To alleviate this issue, a number of approaches have been proposed to address it from different perspectives. We observe active researches [20, 2, 4] in looking for more efficient deep neural network architectures to support practical usage [15, 32, 26, 35]. People also consider to adaptively modify general deep learning model inference to dynamically determine the execution during the feed-forward pass to save some computation at the cost of potential accuracy drop [10, 28, 31, 29].
Besides these explorations, another important line of research proposes a low-level solution to use less bits to represent deep learning model and its runtime data to achieve largely reduced runtime cost. It has been shown in various literatures that full-precision is over-abundant in many applications that we can use 8-bit or even 4-bit models without obvious performance degradation.

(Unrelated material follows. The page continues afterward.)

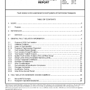 This SAE Aerospace Information Report (AIR) outlines concepts for the design and use of fault isolation equipment that have general application. The specific focus is on fault isolation of environmental control systems (ECS) in commercial transports. Presented are general fault isolation purposes, design principles, and demonstration of compliance criteria. These are followed by three design examples to aid in understanding the design principles. Future trends in built-in-test-equipment (BITE) design are discussed, some of which represent concepts already being implemented on new equipment.

Some previous works went further in this direction. For example, BNN, XNOR-Net, and others[6, 25, 36] are proposed to use as low as 1-bit for both the weights and activations of the deep neural networks to reduce power-usage, memory-footprint, running time, and model size. However, ultra low-precision models always observe obvious accuracy drop . While many methods have been proposed to improve accuracy of the low-precision models, so far we see no silver bullet. Stepping back from uniformly ultra-low precision models, mixed-precision models have been proposed to serve as a better trade-off [30, 9]. Effective ways have been found to train accurate models with some layers processing in ultra-low precision and some layers in high precision.We illustrate these different paradigms in Figure 1.
When we look at this spectrum of deep learning models in terms of its numerical precision, from full-precision at one end to low-precision at the other, and mixed-precision in between, we have to admit that efficiency/accuracy trade-off always exists in reality and to deploy a model in a specific application scenario we have to find the right trade-off point. Previous methods can provide a specific operating point but what if we demand flexibility as well? It would be a highly favorable property if we can dynamically change the efficiency/accuracy trade-off point given a single model. Preferably, we want to be able to adjust the model, without the need of re-training or re-calibration, to run in high accuracy mode when resources are sufficient and switch to low accuracy mode when resources are limited.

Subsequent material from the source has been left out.